REQUIREMENT
Repeat the span of the entries below that starts at the line with "がま合戦 すでにたくさんたまごが にぃ~!!" and ends at the line with "Hledáte nový domov", nothing more. Skip the pictures.

RECORD SET
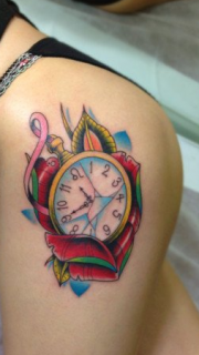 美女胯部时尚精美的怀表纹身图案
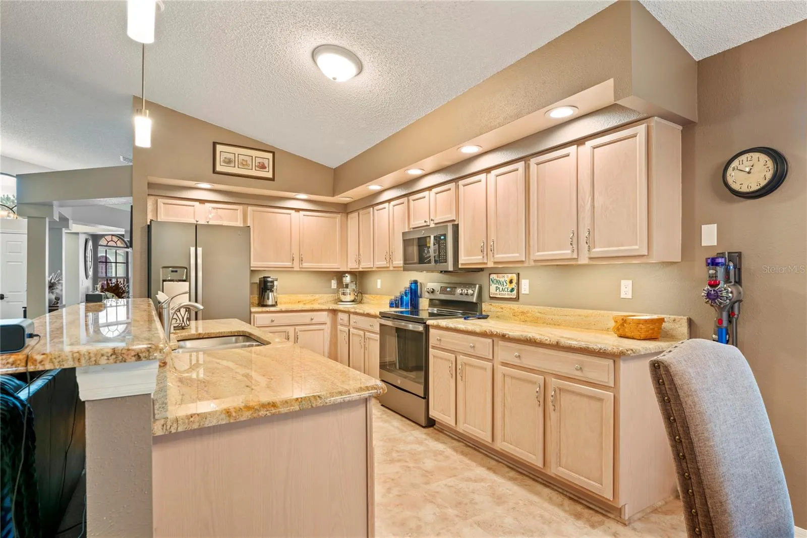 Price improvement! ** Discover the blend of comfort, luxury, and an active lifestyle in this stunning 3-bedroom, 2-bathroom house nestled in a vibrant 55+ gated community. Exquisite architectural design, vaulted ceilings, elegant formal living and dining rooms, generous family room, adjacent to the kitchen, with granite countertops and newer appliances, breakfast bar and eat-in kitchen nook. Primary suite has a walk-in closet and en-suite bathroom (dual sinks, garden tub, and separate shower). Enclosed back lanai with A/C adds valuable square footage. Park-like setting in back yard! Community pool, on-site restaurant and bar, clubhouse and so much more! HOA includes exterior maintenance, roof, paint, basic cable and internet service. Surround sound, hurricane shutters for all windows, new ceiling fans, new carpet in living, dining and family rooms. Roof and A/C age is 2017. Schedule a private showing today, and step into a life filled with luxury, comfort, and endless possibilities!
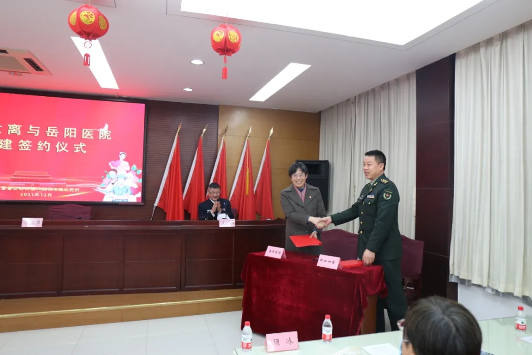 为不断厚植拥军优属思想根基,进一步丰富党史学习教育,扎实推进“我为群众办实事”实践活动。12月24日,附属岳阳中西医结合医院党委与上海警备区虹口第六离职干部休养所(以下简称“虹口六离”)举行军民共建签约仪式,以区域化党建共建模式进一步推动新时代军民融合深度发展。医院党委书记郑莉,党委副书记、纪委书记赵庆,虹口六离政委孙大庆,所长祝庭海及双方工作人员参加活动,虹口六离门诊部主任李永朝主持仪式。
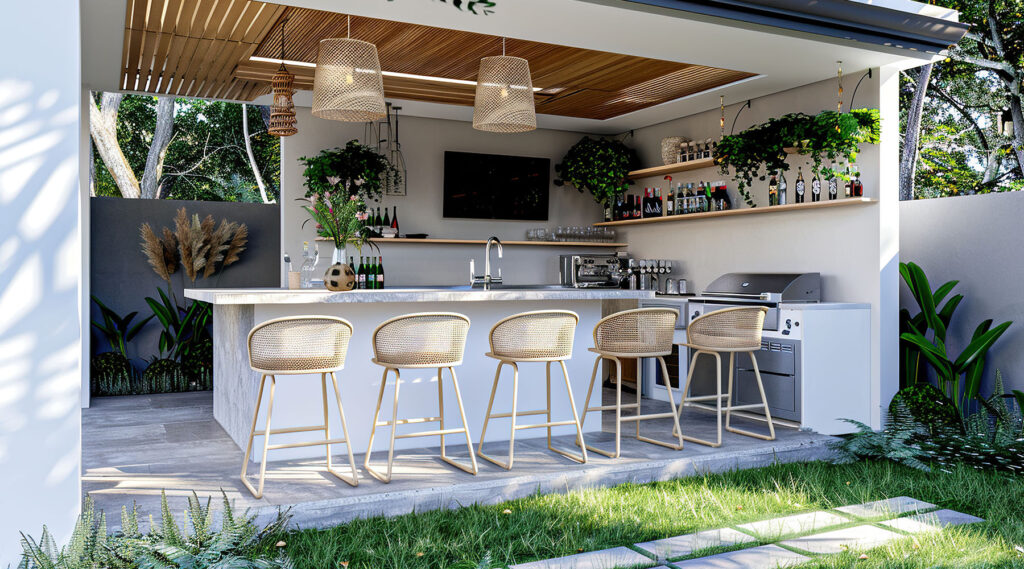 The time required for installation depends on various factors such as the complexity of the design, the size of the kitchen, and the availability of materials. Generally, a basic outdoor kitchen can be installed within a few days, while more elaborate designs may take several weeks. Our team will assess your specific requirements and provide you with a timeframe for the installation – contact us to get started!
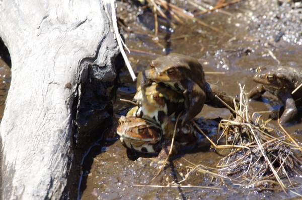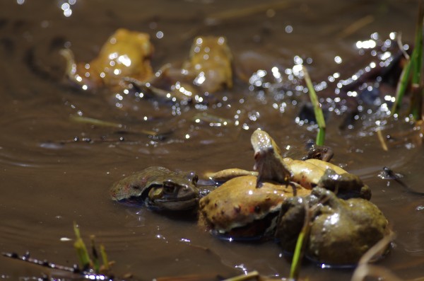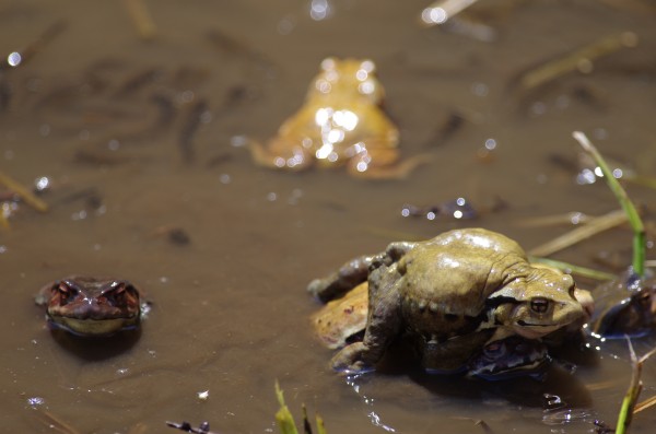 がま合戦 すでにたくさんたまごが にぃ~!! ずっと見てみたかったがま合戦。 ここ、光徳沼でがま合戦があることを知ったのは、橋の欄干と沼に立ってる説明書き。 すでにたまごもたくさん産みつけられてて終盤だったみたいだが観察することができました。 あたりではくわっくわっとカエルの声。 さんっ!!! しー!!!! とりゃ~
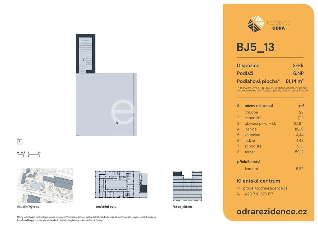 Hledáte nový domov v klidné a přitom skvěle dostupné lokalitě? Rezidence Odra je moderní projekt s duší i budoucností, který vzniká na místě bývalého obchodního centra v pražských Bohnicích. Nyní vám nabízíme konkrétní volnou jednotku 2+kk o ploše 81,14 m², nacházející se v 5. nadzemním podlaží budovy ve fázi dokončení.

...

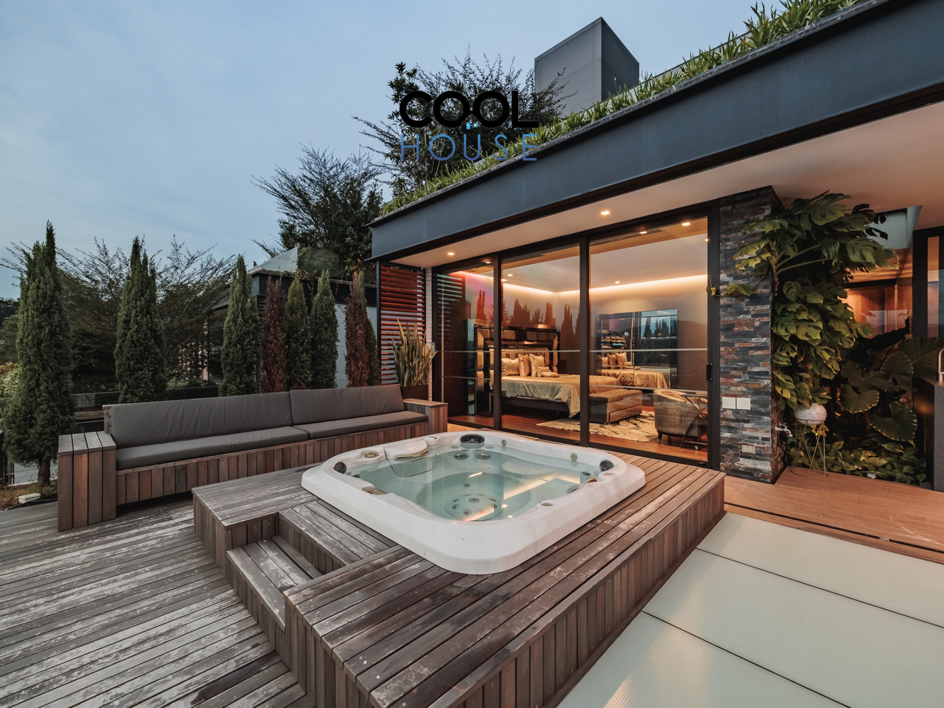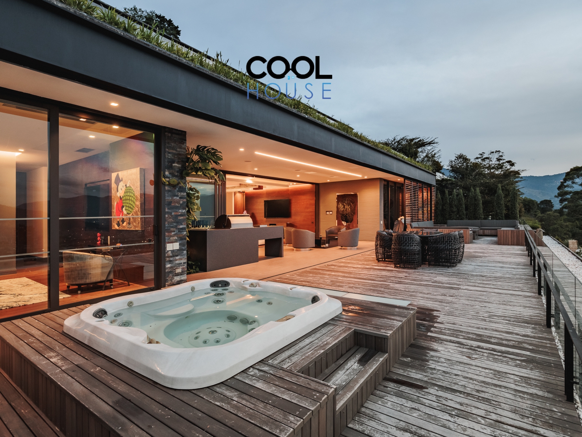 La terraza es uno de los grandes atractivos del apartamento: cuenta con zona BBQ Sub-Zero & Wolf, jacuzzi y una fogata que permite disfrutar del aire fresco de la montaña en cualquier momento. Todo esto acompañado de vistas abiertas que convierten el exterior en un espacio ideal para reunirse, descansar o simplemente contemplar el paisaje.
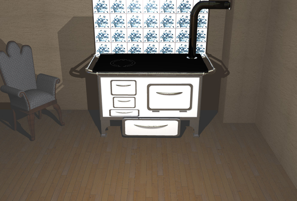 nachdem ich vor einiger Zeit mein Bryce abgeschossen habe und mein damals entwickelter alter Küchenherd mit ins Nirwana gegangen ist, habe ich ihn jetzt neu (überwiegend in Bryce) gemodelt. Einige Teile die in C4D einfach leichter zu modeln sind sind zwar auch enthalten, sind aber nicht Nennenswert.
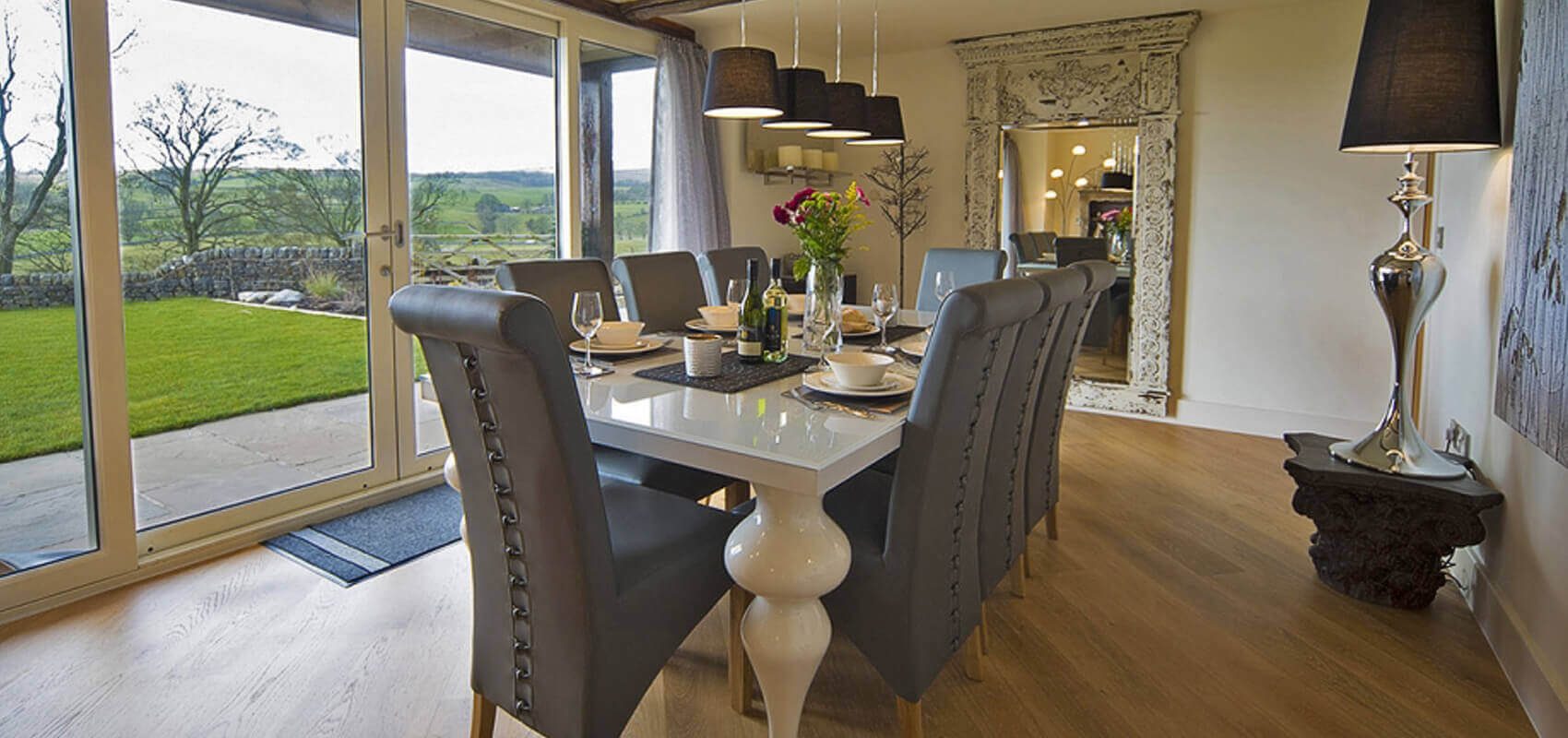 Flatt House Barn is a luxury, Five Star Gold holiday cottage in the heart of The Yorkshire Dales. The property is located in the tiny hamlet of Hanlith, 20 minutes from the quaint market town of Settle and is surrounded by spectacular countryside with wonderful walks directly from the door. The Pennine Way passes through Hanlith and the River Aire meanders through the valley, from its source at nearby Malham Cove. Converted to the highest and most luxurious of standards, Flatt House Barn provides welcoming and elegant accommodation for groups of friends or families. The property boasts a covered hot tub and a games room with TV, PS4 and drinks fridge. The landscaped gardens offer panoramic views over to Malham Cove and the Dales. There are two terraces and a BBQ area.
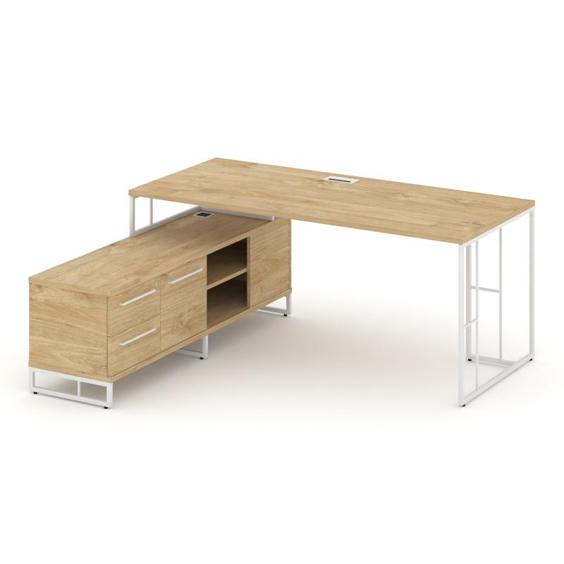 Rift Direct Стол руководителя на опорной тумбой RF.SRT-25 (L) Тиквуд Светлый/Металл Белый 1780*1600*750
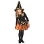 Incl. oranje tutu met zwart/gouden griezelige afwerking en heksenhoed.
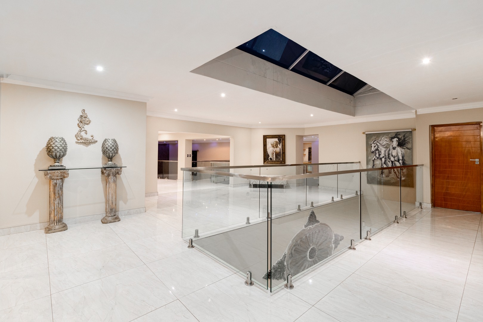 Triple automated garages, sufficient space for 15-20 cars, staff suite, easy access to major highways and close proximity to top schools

RESPONSE BOX
 がま合戦 すでにたくさんたまごが にぃ~!! ずっと見てみたかったがま合戦。 ここ、光徳沼でがま合戦があることを知ったのは、橋の欄干と沼に立ってる説明書き。 すでにたまごもたくさん産みつけられてて終盤だったみたいだが観察することができました。 あたりではくわっくわっとカエルの声。 さんっ!!! しー!!!! とりゃ~
 Hledáte nový domov v klidné a přitom skvěle dostupné lokalitě? Rezidence Odra je moderní projekt s duší i budoucností, který vzniká na místě bývalého obchodního centra v pražských Bohnicích. Nyní vám nabízíme konkrétní volnou jednotku 2+kk o ploše 81,14 m², nacházející se v 5. nadzemním podlaží budovy ve fázi dokončení.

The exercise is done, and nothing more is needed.